Devalued Bodies in an Era of Neoliberal Choice

Flyer for 4-19-2014 CRG Forum
April 24, 2014

Devalued Bodies in an Era of Neoliberal Choice

04.24.2014 | 4:00 – 5:30 PM |  691 Barrows Hall

Mary Susman, Gender Women’s Studies, Sociology
Ella Bastone, Gender Women’s Studies
Rachel Upton, Gender Women’s Studies

We exist during a changing landscape of U.S. “equality,” with certain once-outcast identities now seduced by the neoliberal, capitalist economy and assimilated into normative notions of belonging. While certain bodies become recognizable subjects, other bodies are narrowly constructed as internal enemies that fuel the illusion of equality; we witness dangerous boundary-shifting between legitimate subjects and illegitimate (non)subjects…

It is no secret that the U.S. has undergone massive penal expansion over the past several decades. California alone has the highest prison population among all 50 states. To no surprise, certain bodies have become channeled into the penal system amid this new backdrop of neoliberal insecurity in a nation-state of progressive equality. As transgender identities become an unarticulated threat against neoliberal belonging, intersections of their multifaceted identities and experiences (including race, ethnicity, and socioeconomic status), make them extremely vulnerable to surveillance and interaction with the penal system and, furthermore, to harm within the system.

The intersection of fears around street safety and economic precarity of the 1970s and 1980s, led to a logic that values the protection of certain bodies and renders others disposable. Across the nation, devalued, racialized, and othered bodies experienced increased surveillance and violence for the sake of protection of some.
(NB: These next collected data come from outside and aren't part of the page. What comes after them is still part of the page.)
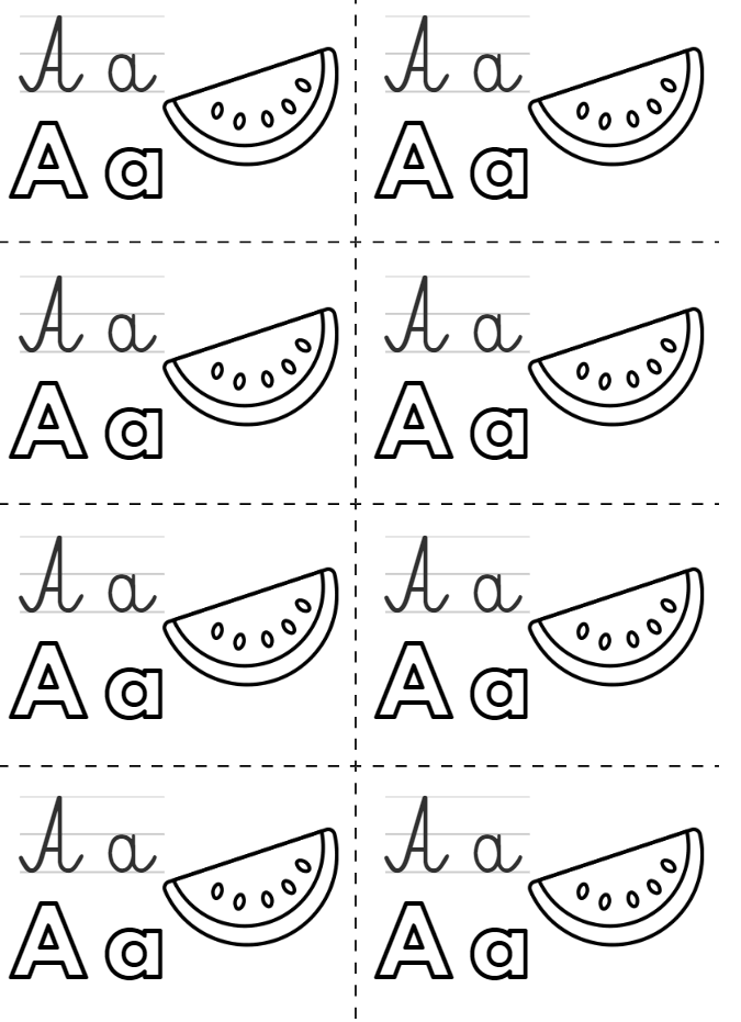Zestaw wklejek do zeszytu dla ucznia.  32 litery alfabetu - czarno -białe (zapis szkolny i drukowany + obrazek).  Wklejki do samodzielnego wykrukowania i wycięcia.  Na każdej stronie jest 8 liter.  Plik pdf.
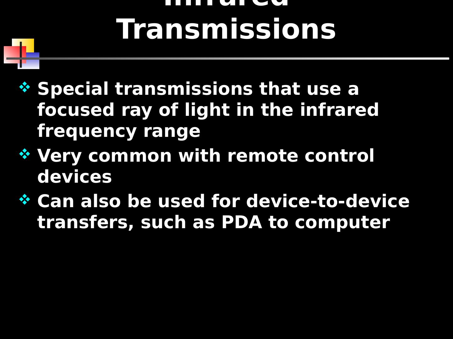 23 .Infrared Transmissions Special transmissions that use a focused ray of light in the infrared frequency range Very common with remote control devices Can also be used for device-to-device transfers, such as PDA to computer
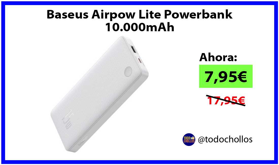 🔹Baseus Airpow Lite Powerbank 10.000mAh solo 7,95€❗️⚡️(PVP: 17,95€)
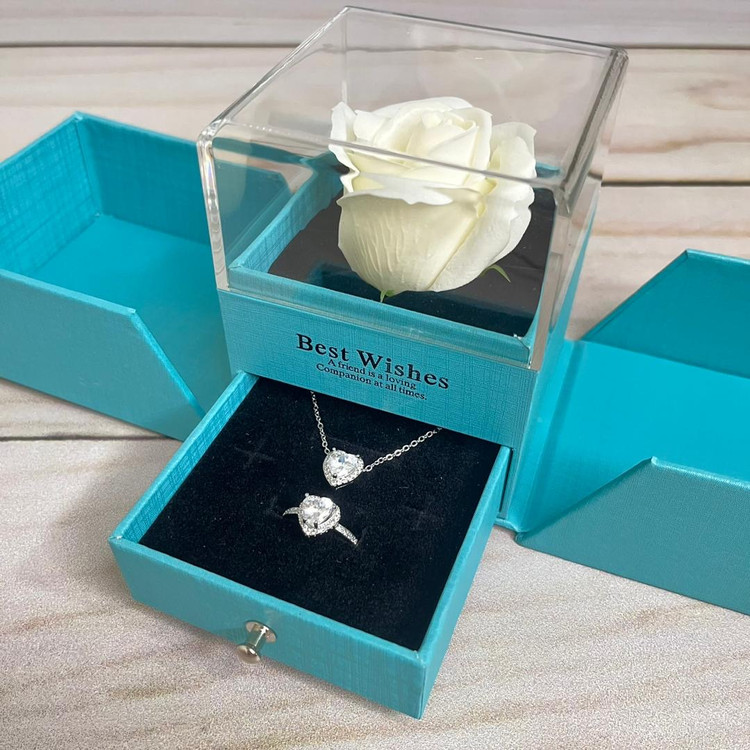 محتویات : گردنبند استیل رنگ ثابت .انگشتر استیل رنگ ثابت .باکس رز سورپرایزی
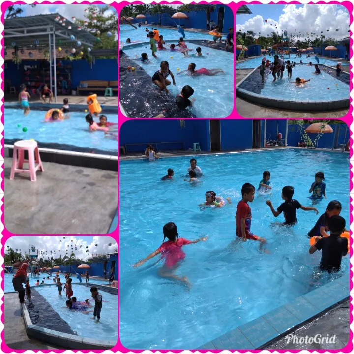 Waah…anak-anak sudah tak sabar lagi ingin nyemplung ke kolam renang, eiits…tunggu dulu ya kita pemanasan sedikit dipinggir kolam.
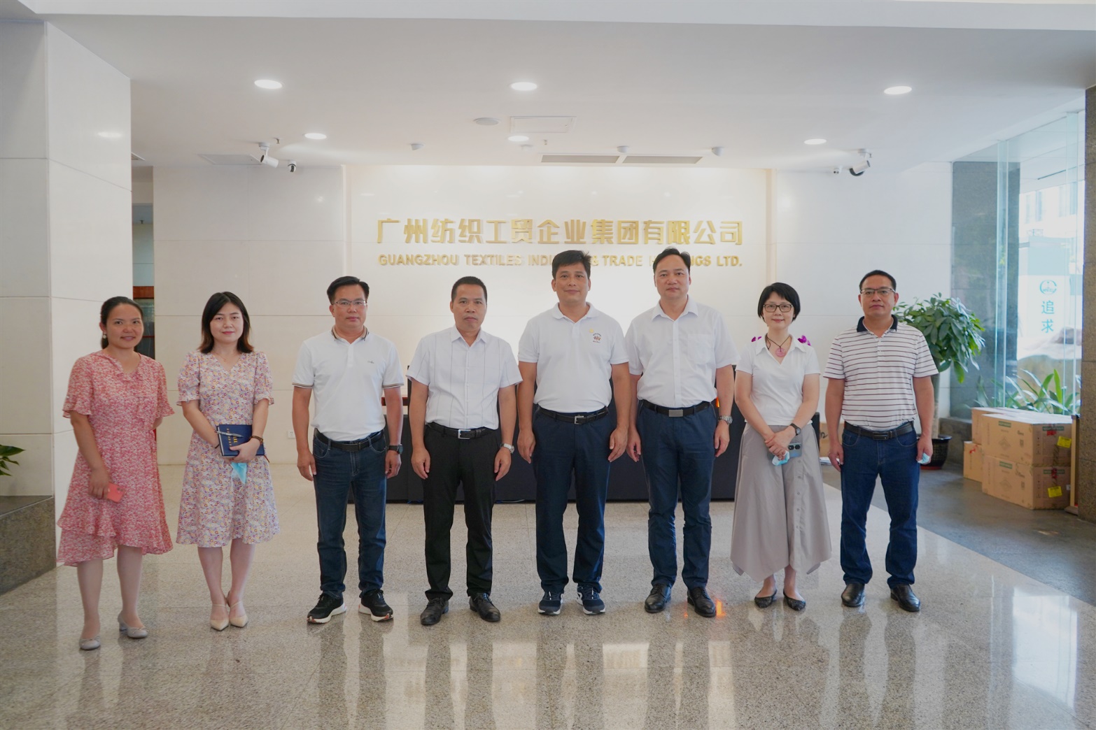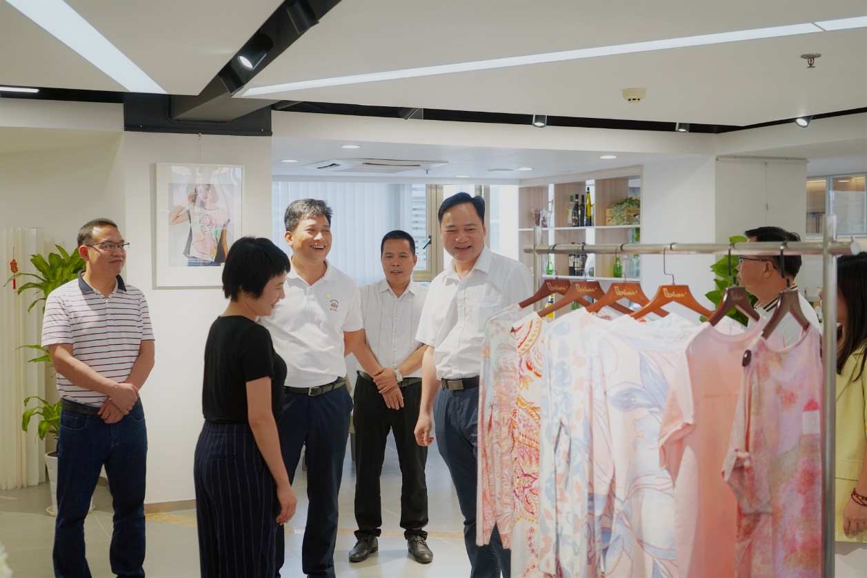 随后,双方进行了座谈。葛伟志向对方重点介绍了公司在纺织服装供应链方面的优势。甘德权对此次考察主题作了进一步阐释,他希望能借助粤港澳大湾区纺织服装龙头企业的力量,助力位于平南县的“贵港纺织服装时尚新区”建设,同时盛情邀请XK在线平台到平南县实地考察、交流,洽谈合作。
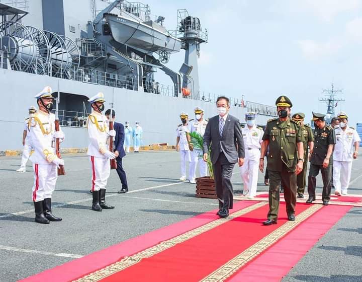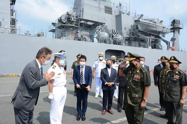 យ៉ាងកក់ក្តៅបំផុតចំពោះវត្តមាននាវាស្វ័យការពារជើងទឹកជប៉ុន និងនាវិក នៅកំពង់ផែ ខេត្តព្រះសីហនុ នៅនឹងកំពង់ផែដោយផ្ទាល់តែម្តង។
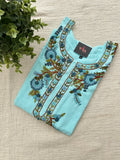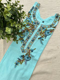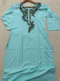 Indulge yourself in this exquisite Rayon kurti, featuring pure hand embroidery and a flattering straight fit silhouette. With its 3/4th sleeves, it's sure to be the perfect addition to your wardrobe, adding a stylish and effortless charm!
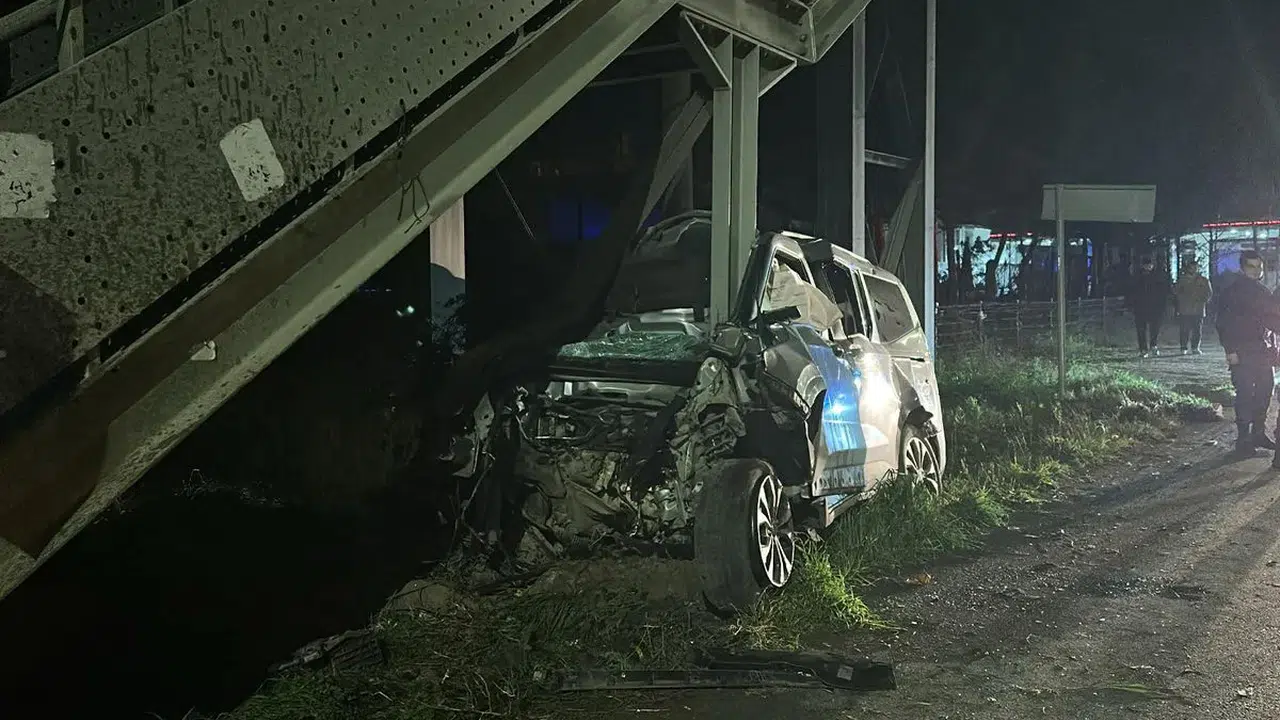 Kontrolden Çıkan Araç Üst Geçide Çarptı
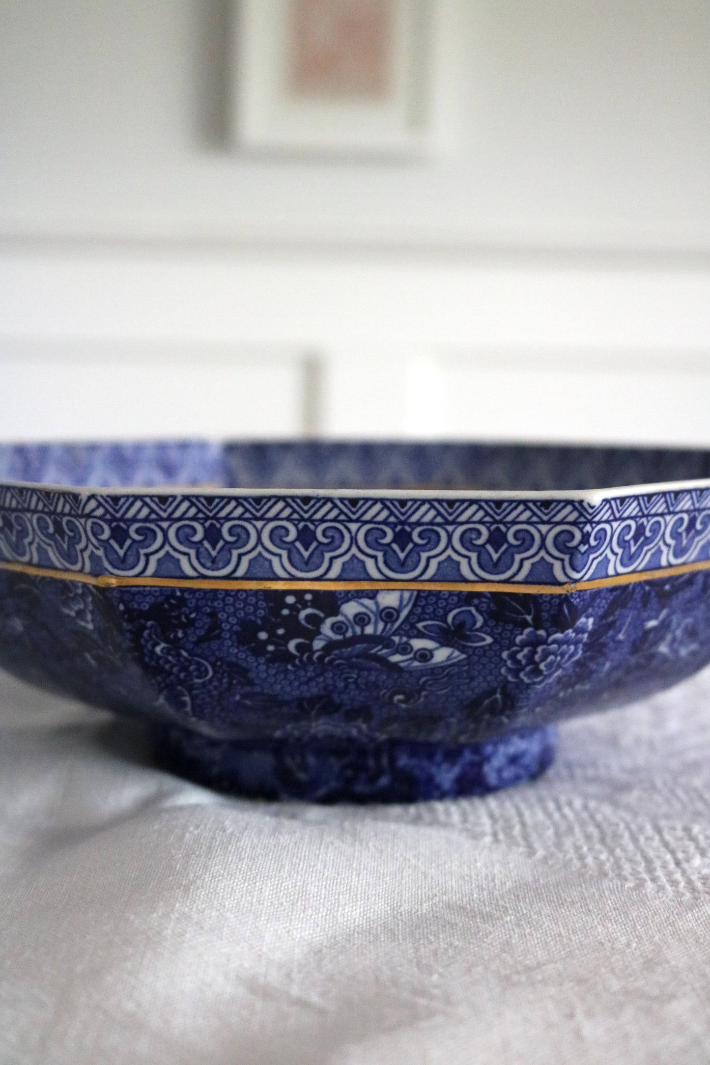 antique English Shelley blue chintz "Dragon" bowl
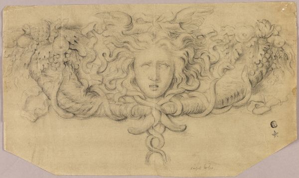 Curator: Before us, we have "Design for a Helmet with a Sphinx presented in 3/4 View," a drawing by Giovanni Battista Foggini, likely created between 1652 and 1725. Editor: It's a striking image, instantly evoking a sense of Baroque theatricality. There's a delicate, almost dreamlike quality to the rendering. Curator: The medium is primarily pencil and ink on paper, rendered with fine lines. We see a figure wearing an ornate helmet, adorned with what appears to be a sphinx and elaborate plumes. The composition is tightly focused, with much of the visual interest directed at the face. Editor: The prominent sphinx strikes me. Given the era and Foggini's context, does this reference classical power structures, the historical appropriation of mythology to bolster European narratives of dominance? And I find the partially nude form on top of the helmet rather bold, I wonder how such details might have been read. Curator: Precisely. The work employs the symbolism prevalent during that time. Think of royal portraiture of that period: helmets functioned to signify martial strength and leadership, though often referencing ancient Roman and Greek precedents in order to legitimize a lineage and create authority. Editor: Yes, but one wonders who exactly could have been expected to wear it! What kind of presence does that sort of armor seek to impose on society? Is it a matter of control of the masculine image or a feminine defiance of war culture norms? Curator: That's an intriguing angle to it. But focusing on the lines, notice how Foggini has managed to suggest weight and texture with such economy of means. Editor: Still, it also carries this undeniable sense of privilege, given how war affected diverse populations during those centuries. Curator: Yes, there are tensions present when viewing a work across centuries that once presented a unified political front. Editor: Indeed. This drawing leaves me with many things to ponder. Curator: For me, I will have to examine other Foggini drawings to get a better sense of the use of shading in order to truly place this artwork.

This allowed for a multitude of anti-homeless legislation that is founded within a context of neoliberal paternalism, creating a class of people we understand as homeless, and asking them to manage themselves in accordance to normative lifestyles, and seeking to diagnose and fix themselves. How can we reimagine public space as a potential resource for marginalized identities?

Marginalized by historical, institutional, and societal ideologies of neoliberalism, capitalism, “universal citizenship,” bio-political power, and regulation, homeless women are perpetually denied the protection, rights, and access to services available to productive citizens. Restrictions on these women’s lives and bodies are imbedded in legislature, forcing an external “hierarchy of needs” that dictates an assimilationist pathway to societal reintegration. As members of a devalued, impoverished class, homeless women are conceptualized by the state as non-sexual bodies to justify the discouragement of their reproduction, which is reflected in the provision of sexual and reproductive health services that restrict autonomy.

… Through our various investments in empowering vulnerable populations, we have come to realize the interconnectedness of our struggles and the necessary coalitions we must build to achieve our liberation. Our projects demand we interrogate our own boundaries of belonging and end our complicity in upholding violent fantasies that especially harm the most marginalized among us.